361,DOGEUSDT,1641254400000,0.17030000,0.17260000,0.16650000,0.16840000,496439208.00000000,1641340799999,84445791.17980000,127545,258358537.00000000,43963449.95720000,0
362,DOGEUSDT,1641340800000,0.16850000,0.17100000,0.14720000,0.15900000,1084632258.00000000,1641427199999,175586840.15730000,307998,519468771.00000000,84347970.51660000,0
363,DOGEUSDT,1641427200000,0.15910000,0.16210000,0.15390000,0.15990000,705767171.00000000,1641513599999,111252225.62060000,163053,331392118.00000000,52235681.79080000,0
364,DOGEUSDT,1641513600000,0.16000000,0.16040000,0.14890000,0.15500000,1079690606.00000000,1641599999999,165985187.71820000,238457,524873451.00000000,80687647.18760000,0


We would like to extract the mean estimator for the return of investment between intervals (1 day ahead) so we will compute the mean of the expected return for each asset series taking the value at closing time as the reference.
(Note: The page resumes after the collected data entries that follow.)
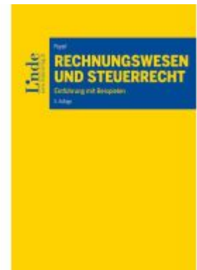
Rechnungswesen und Steuerrecht Ladenpreis: 41,00EUR
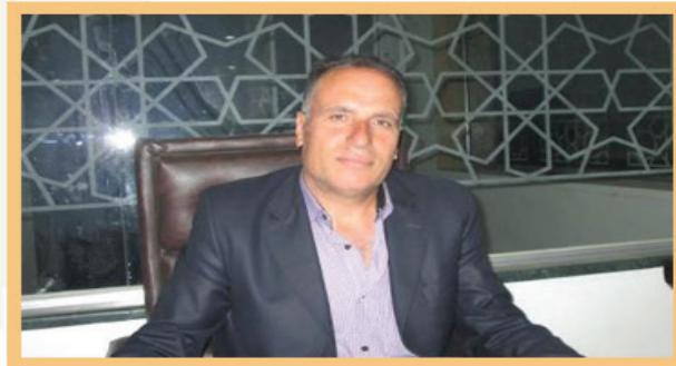
المجلس المحلي لمحافظة حلب Local Council of Aleppo Province
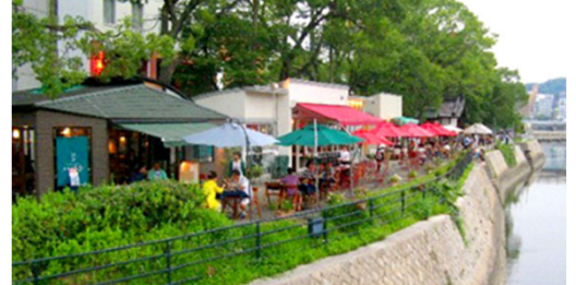
図1 水辺のオープンカフェ(広島県広島市)
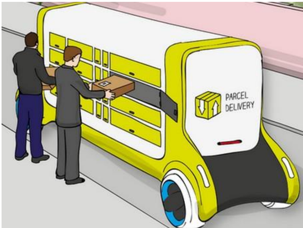
Figura 10.1.4: Prototipo de un vehículo de reparto de paquetería con casillas para las entregas. McKinsey and Company, Parcel delivery: The future of last mile , Travel, Transport and Logistics, 2016

Equally, we would like to better understand how different assets correlate so that it helps diversify our portfolio, so the covariance between their values will also be considered in our analysis.

In [8]:
import numpy as np

exp_ret = {}
return_list = []
for asset in asset_list:
    open_price = np.array(df[df["Asset"] == asset]["Open"].astype("float"))
    close_price = np.array(df[df["Asset"] == asset]["Close"].astype("float"))
    # Sign will be used to indicate the value gradient direction
    returns = ((close_price - open_price)/open_price)
    exp_ret[asset] = returns.mean()
    return_list.append(returns)
    
# Compute covariance between returns
cov_mat = np.cov(np.vstack(return_list))

In [9]:
exp_ret

{'BNBUSDT': 0.009221480138738115,
 'BTCUSDT': 0.0010454720329607131,
 'ETHUSDT': 0.004171347506161309,
 'SOLUSDT': 0.014729386544389053,
 'ADAUSDT': 0.006050362742214893,
 'XRPUSDT': 0.005292852018928388,
 'DOTUSDT': 0.005569563926691609,
 'DOGEUSDT': 0.019111877337155296}

In [10]:
cov_mat

array([[0.00608177, 0.00199172, 0.00260677, 0.00320415, 0.00271352,
        0.00298901, 0.00330249, 0.00219796],
       [0.00199172, 0.00174221, 0.00179836, 0.00147756, 0.00163043,
        0.00183617, 0.00220397, 0.00267943],
       [0.00260677, 0.00179836, 0.00300272, 0.00234359, 0.00222711,
        0.00243351, 0.00311108, 0.00299023],
       [0.00320415, 0.00147756, 0.00234359, 0.0069064 , 0.00232973,
        0.0023053 , 0.00279444, 0.00227812],
       [0.00271352, 0.00163043, 0.00222711, 0.00232973, 0.0044516 ,
        0.00265363, 0.00321785, 0.00336979],
       [0.00298901, 0.00183617, 0.00243351, 0.0023053 , 0.00265363,
        0.0062716 , 0.00319   , 0.0026517 ],
       [0.00330249, 0.00220397, 0.00311108, 0.00279444, 0.00321785,
        0.00319   , 0.00593995, 0.00348343],
       [0.00219796, 0.00267943, 0.00299023, 0.00227812, 0.00336979,
        0.0026517 , 0.00348343, 0.05370026]])

There we have the expected results on investing on each cryptocurrency by itself and the mutual effect when investing in more than one of them.